---
# name: stable skill identifier. Match the skill directory name or the final namespace segment.
# Lowercase letters/numbers with hyphen, slash, or colon separators.
name: claude-opus
# description: routing-facing summary of what the skill covers and when it activates.
# Include concrete triggers and an explicit negative boundary; keep routing semantics out of prose-only ambiguity.
description: "Use when deciding whether to route a task to Anthropic's frontier reasoning tier (Claude Opus) — architecture, multi-file synthesis, hard debugging, security reasoning, long-horizon agentic planning — and when NOT to (mechanical work belongs on a cheaper tier).

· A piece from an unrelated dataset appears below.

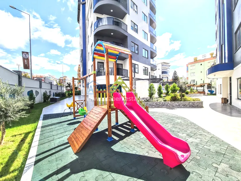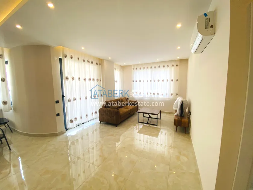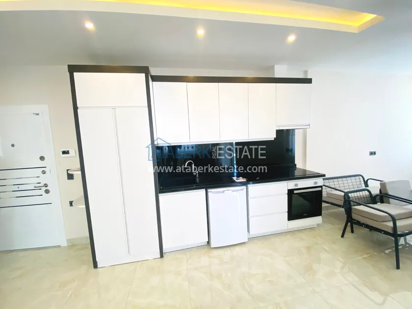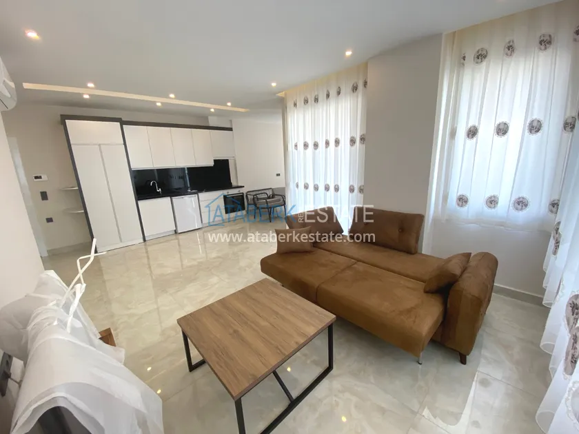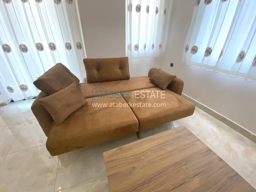 In the center of Alanya, near Cleopatra Beach, a furnished one-bedroom apartment is for rent, located in a new modern residential complex.

Covers the Opus capability profile: 1M-token context, the cost/latency premium, adaptive thinking, the Opus-only effort ceiling (xhigh/max), task budgets, prompt-caching minimums, and high-resolution vision. Do NOT use for picking the balanced implementation tier (use claude-sonnet), the fast/cheap tier (use claude-haiku), designing the loop the model runs inside (use autonomous-loop-patterns), or for Claude API request syntax (read the claude-api reference)."

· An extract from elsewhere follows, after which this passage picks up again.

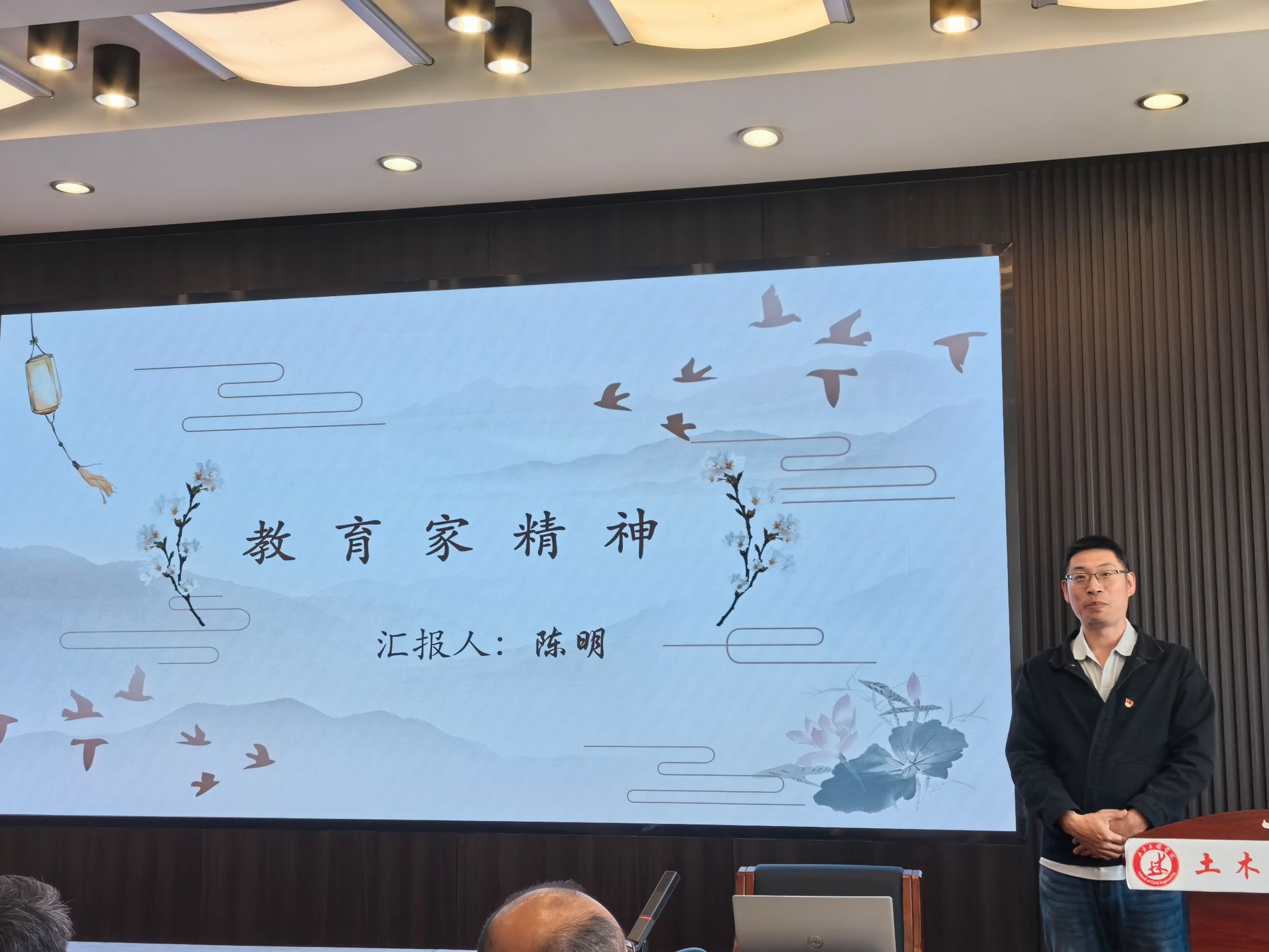 2025年4月28日上午,永利yl23411工会委员、基础力学部陈明老师,在逸夫楼B404开展了一场以“教育家精神”为主题的精彩报告。全院教师齐聚一堂,共享这场思想盛宴。

# === v8 Classification (subject + public; polyhierarchy via subjects[]) — see ADR-0017 ===
# subject: primary browse shelf — what the skill teaches. One of twelve closed values:
# backend-engineering / frontend-engineering / software-architecture / data-engineering / agent-ops / ai-engineering /
# quality-assurance / design / reasoning-strategy / software-engineering-method / knowledge-organization / product-domain.
subject: agent-ops
# public: publishability/private-data gate. Boolean.

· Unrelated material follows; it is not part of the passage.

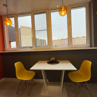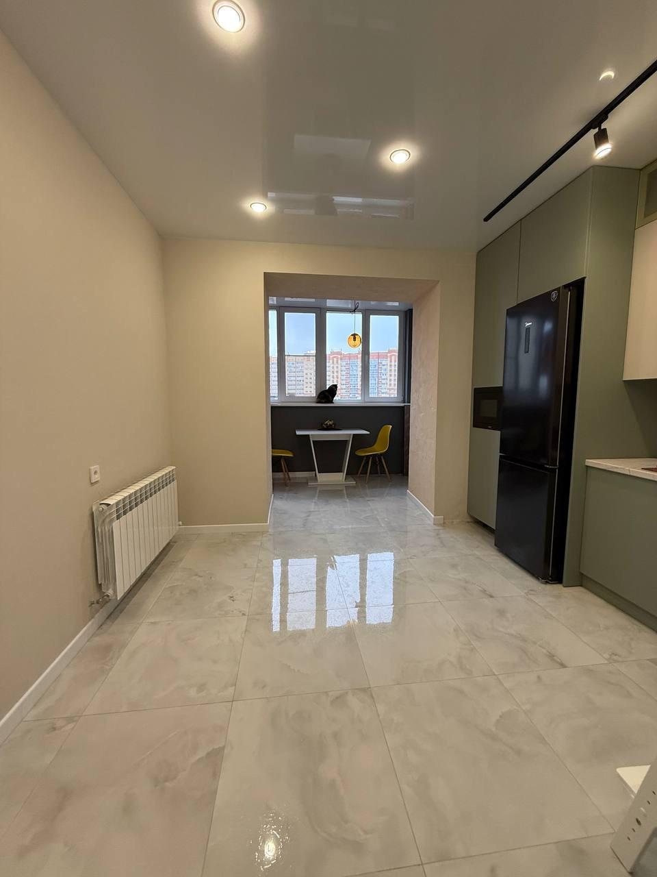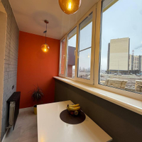 Кухня большая и просторная за счет теплого балкона, объединенного с кухней. На кухне современная мебель с встроенной техникой.
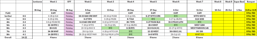 The Flag team will play their FINAL GAME of the season! Good luck ALL FLAGERS!

# true = publishable/shareable; false = private and excluded from public export.
# Project anchoring is carried separately by non-empty `project[]` plus `grounding`.
public: true
# scope: free-text PRD-style statement of what the skill teaches and what it excludes.
# (v8 required; not an enum). Mirrors Coverage + Do NOT Use When at frontmatter level.
scope: "Choosing the frontier reasoning tier (Claude Opus) for a task — when its strengths (deep reasoning, multi-file synthesis, hard debugging, security analysis, long-horizon autonomy) justify the cost/latency premium, and the boundary where a task should drop to a cheaper tier or a script. Teaches the decision-useful capability facts (context window, effort ceiling, thinking model, caching minimums) that distinguish Opus from the Sonnet and Haiku tiers. Out of scope: balanced-tier routing (claude-sonnet), fast/cheap routing (claude-haiku), loop architecture (autonomous-loop-patterns), and Claude API call syntax (claude-api reference)."
# subjects: Skill Metadata Protocol frontmatter field.
subjects:
  - agent-ops
  - ai-engineering
# taxonomy_domain: optional hierarchical sub-path within `subject`. Slash-delimited
# lowercase kebab-case segments. rename of the original v8 `domain`. Remove when the flat
# `subject` is sufficient.
taxonomy_domain: agent/models

# === Understanding fields (when comprehension_state: present) ===
# mental_model: the primitives of the concept and how they relate. One paragraph.
mental_model: "A model roster is a tiered ladder — a deep-reasoning tier (slow, expensive, smartest), a balanced tier, and a fast/cheap tier. Routing is choosing the lowest rung that still clears the task's difficulty bar. The frontier tier is the top rung: correct only when the task genuinely needs its ceiling, because every task that could clear a lower rung but is sent here wastes the premium."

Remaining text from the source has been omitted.